To write the equation of the ellipse, we can use the standard form for a vertical ellipse, which is given by:
\[ \frac{(x - h)^2}{b^2} + \frac{(y - k)^2}{a^2} = 1 \]
where \((h, k)\) is the center of the ellipse, \(a\) is the semi-major axis, and \(b\) is the semi-minor axis.
From the information provided:
- The center of the ellipse is \((-1, 2)\).
- The top vertex is \((-1, 5)\) and the lower vertex is \((-1, -1)\).

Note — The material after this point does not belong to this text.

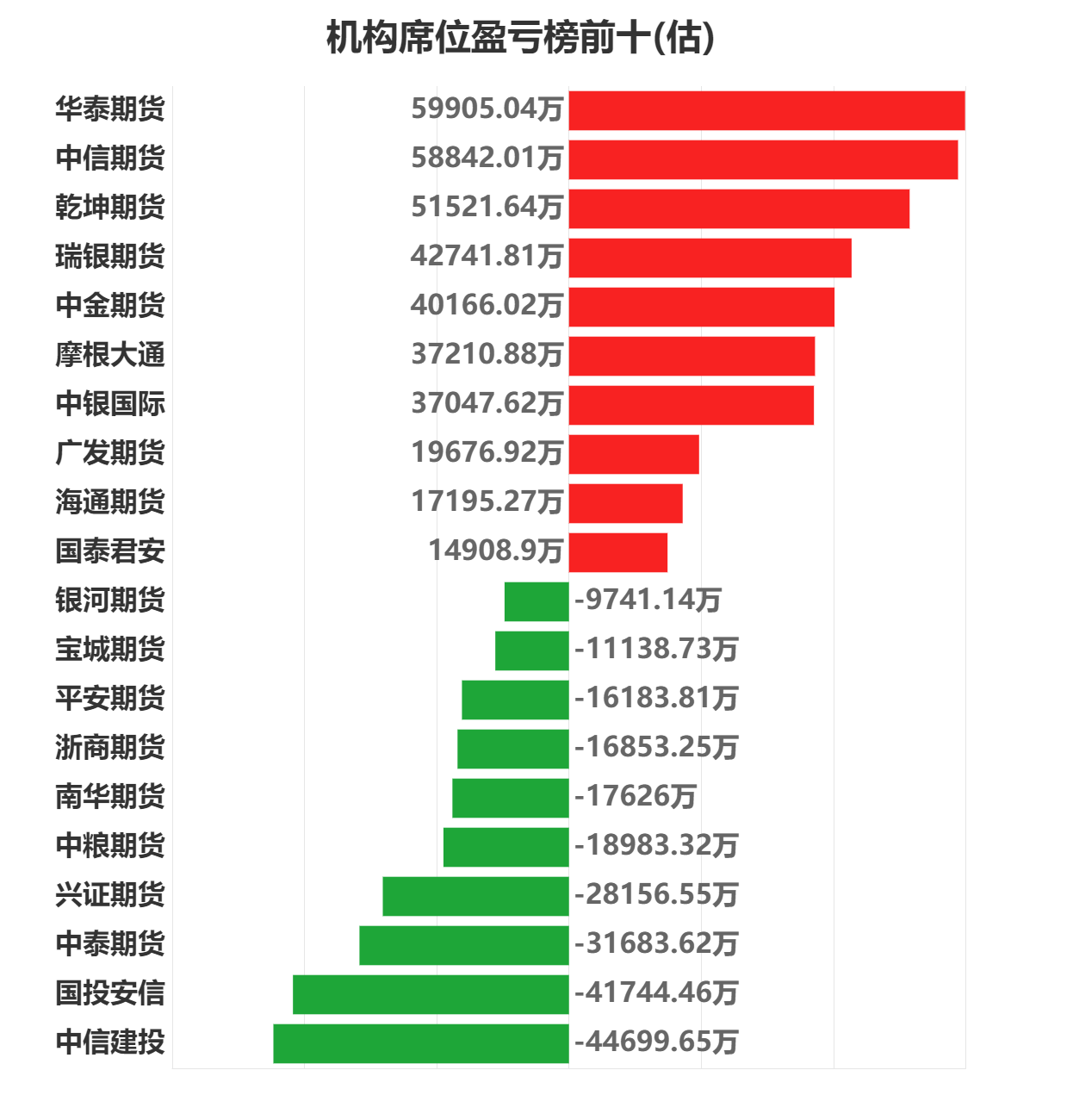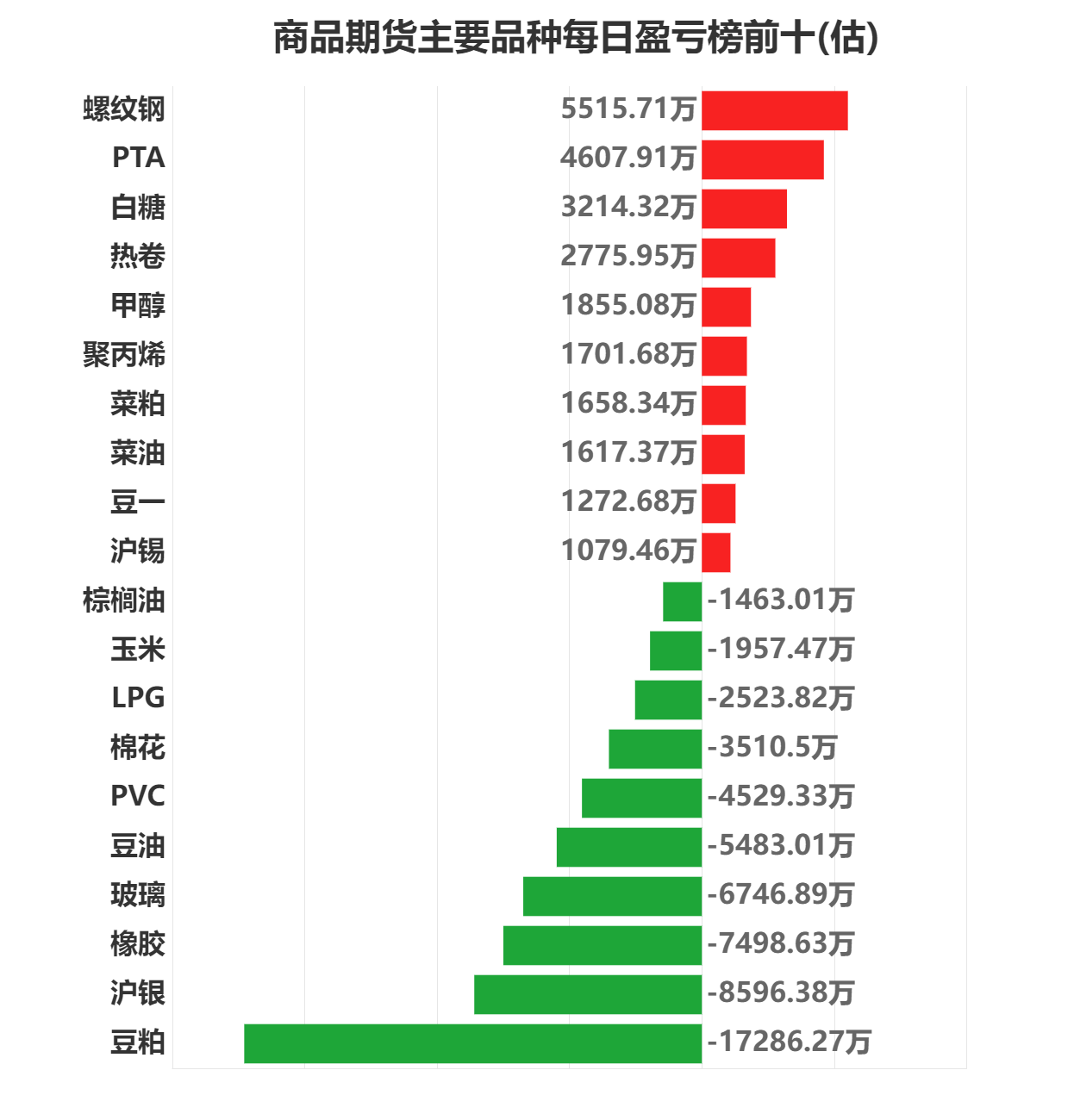 ![]() ![]() ![]() 品种盈亏榜:今日商品期货中螺纹钢盈利第一,为5515.71万元。 豆粕亏损第一,为17286.27万元。 ![]() 就螺纹钢而言,今日盈利前三席位为国泰君安、国贸期货、永安期货,分别盈利4297.21万元、2685.85万元、2497.37万元。 今日亏损前三席位为浙商期货、山金期货、中信建投,分别亏损3610.39万元、3056.19万元、2946.64万元。 ![]() 就豆粕而言,今日盈利前三席位为华泰期货、乾坤期货、浙商期货,分别盈利10547.43万元、9257.30万元、5860.44万元。 今日亏损前三席位为国投安信、广发期货、中粮期货,分别亏损16844.55万元、15624.46万元、15433.90万元。 ![]() 席位盈亏榜:今日机构席位中华泰期货盈利第一,为59905.04万元。 中信建投亏损第一,为44699.65万元。 ![]() 就华泰期货席位而言,今日盈利前三品种为中证500股指、豆粕、沪深,分别盈利32350.08万元、10547.43万元、7943.22万元。 今日亏损前三品种为菜粕、上证、三十债,分别亏损3366.94万元、3248.20万元、1338.47万元。 ![]() 就中信建投席位而言,今日盈利前三品种为棉花、三十债、生猪,分别盈利695.67万元、321.36万元、309.12万元。 今日亏损前三品种为中证500股指、中证1000股指、纯碱,分别亏损15557.10万元、13374.38万元、4140.43万元。 ![]() 注:可通过点击东方财富期货APP资讯页面“龙虎榜”及东方财富期货PC端左侧“龙虎榜”查看各类机构持仓及盈亏榜单信息。 ![]() ![]() 以上图表数据来源:东方财富Choice (文章来源:东方财富研究中心) (责任编辑:admin) |

The distance from the center \((-1, 2)\) to either vertex (the semi-major axis) is:
\[ a = 5 - 2 = 3 \quad (or) \quad a = 2 - (-1) = 3 \]
So, \(a = 3\) and therefore \(a^2 = 9\).
The vertices are only vertically aligned along the line \(x = -1\), which indicates the semi-minor axis will be horizontal. The distance to the endpoints along the horizontal (using the information and structure you provided) appears to be \(b = 2\) (as the option with these values indicates correctly), making \(b^2 = 4\).
Putting these values into the equation, we have:
\[ \frac{(x + 1)^2}{4} + \frac{(y - 2)^2}{9} = 1 \]
Thus, the equation of the ellipse is:
\[ \frac{(x + 1)^2}{4} + \frac{(y - 2)^2}{9} = 1 \]
The correct response is:
start fraction left parenthesis x plus 1 right parenthesis squared over 4 end fraction plus start fraction left parenthesis y minus 2 right parenthesis squared over 9 end fraction equals 1.